▸ Supplied material
※ ※ ※

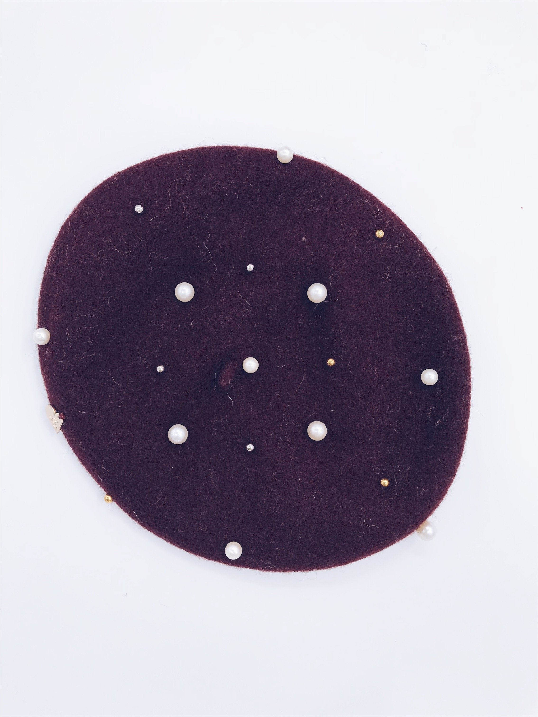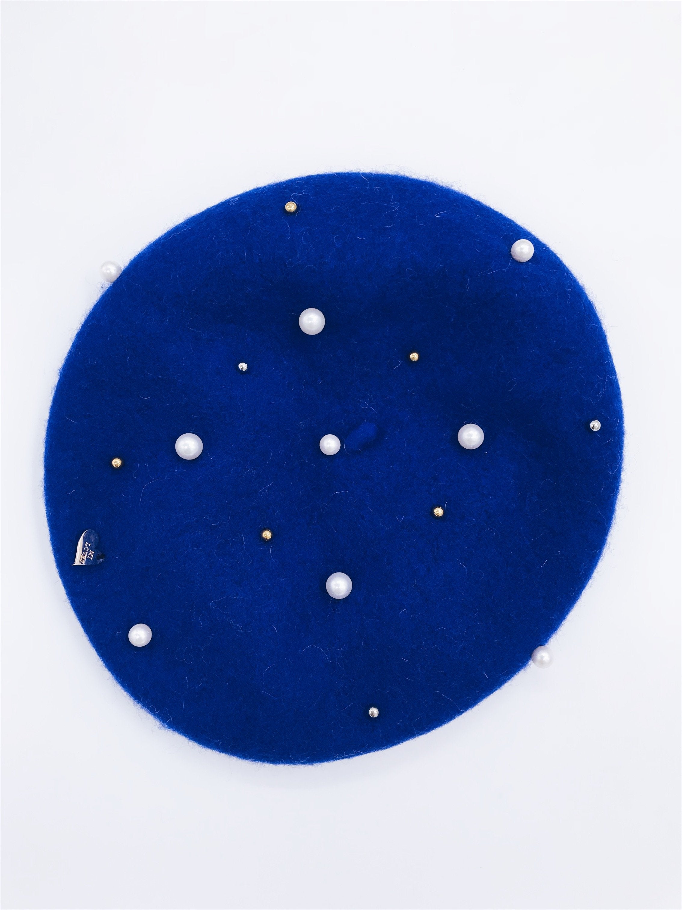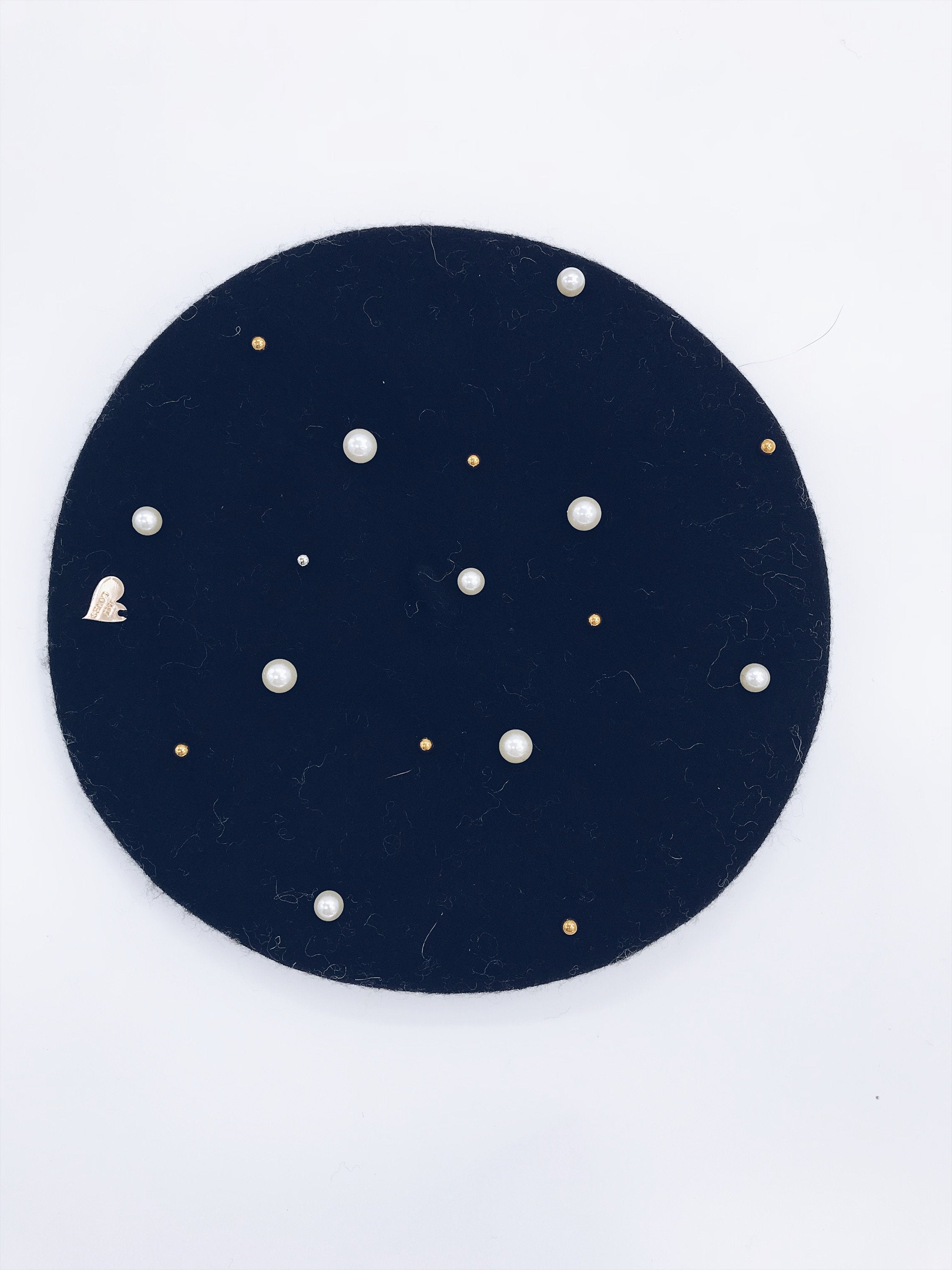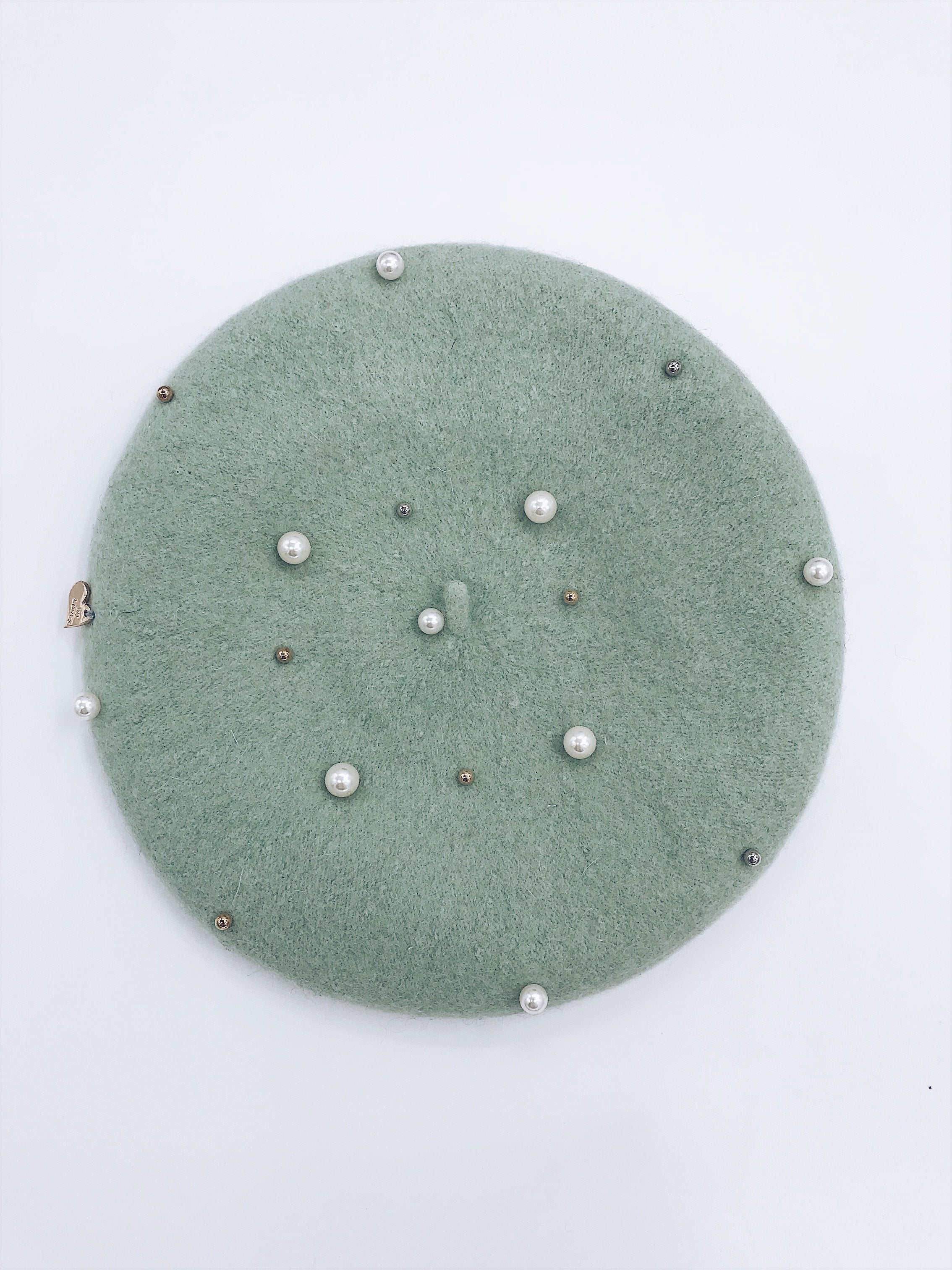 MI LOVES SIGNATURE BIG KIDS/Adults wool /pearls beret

※ ※ ※

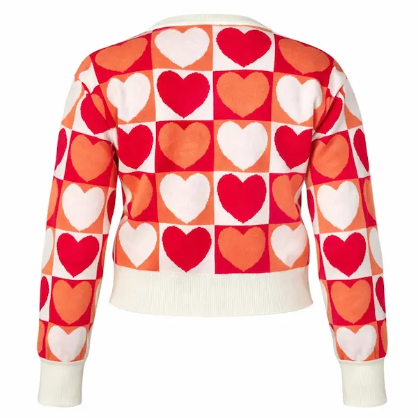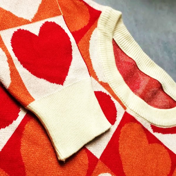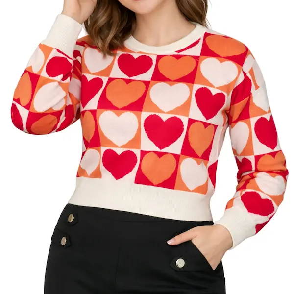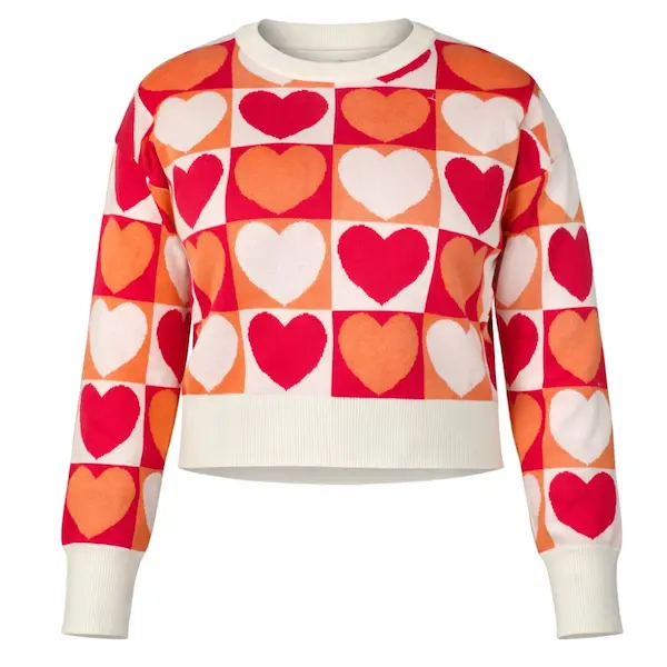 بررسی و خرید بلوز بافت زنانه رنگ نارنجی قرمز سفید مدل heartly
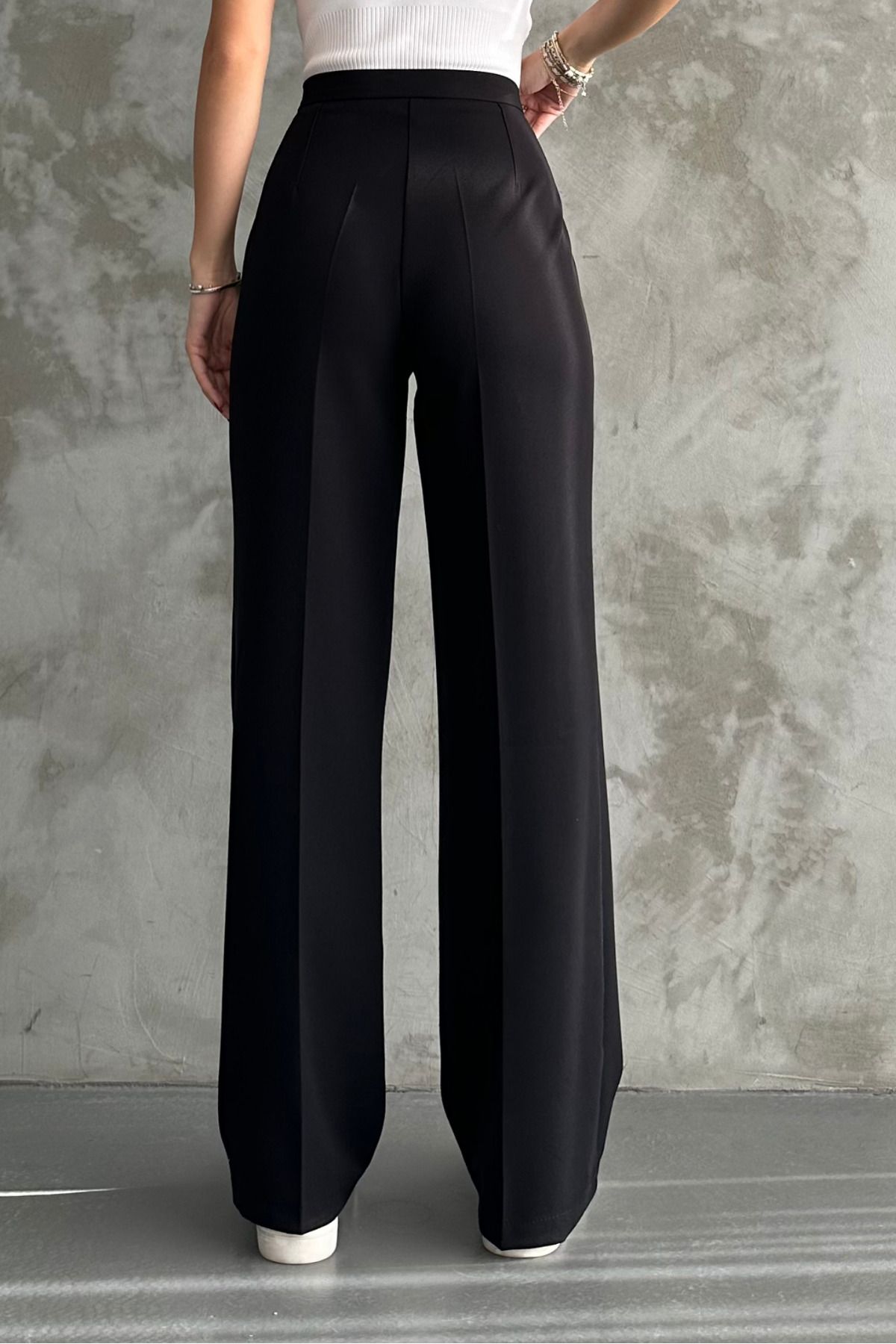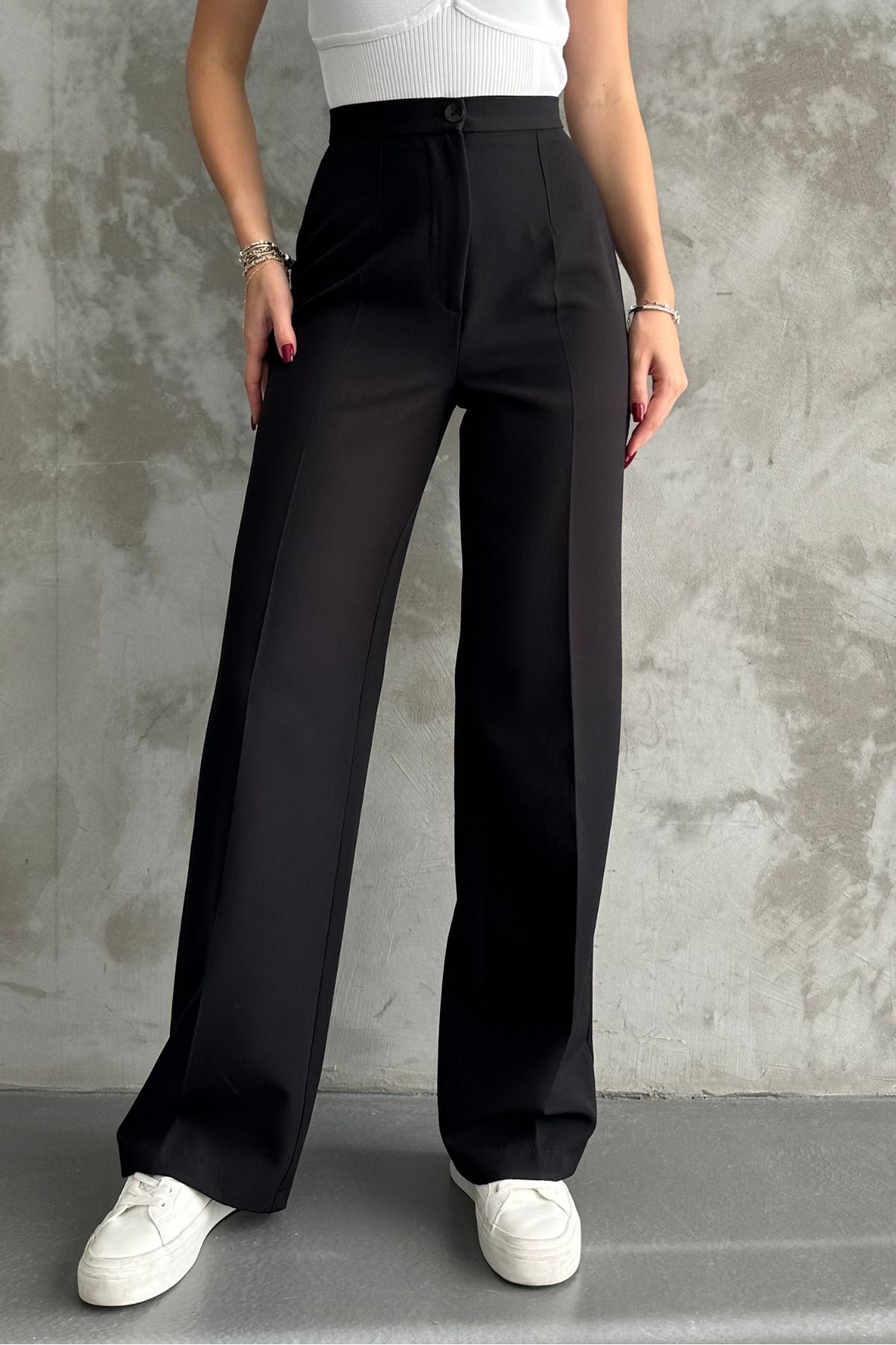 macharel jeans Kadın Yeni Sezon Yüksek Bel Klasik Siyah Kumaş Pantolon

※ ※ ※

▸ Assignment
Only one part of the listing is wanted: the lines from the one containing "بررسی و خرید" through the one containing "macharel jeans Kadın", both included. Please transcribe it exactly, leaving out the pictures.

▸ Output of the task
 بررسی و خرید بلوز بافت زنانه رنگ نارنجی قرمز سفید مدل heartly
 macharel jeans Kadın Yeni Sezon Yüksek Bel Klasik Siyah Kumaş Pantolon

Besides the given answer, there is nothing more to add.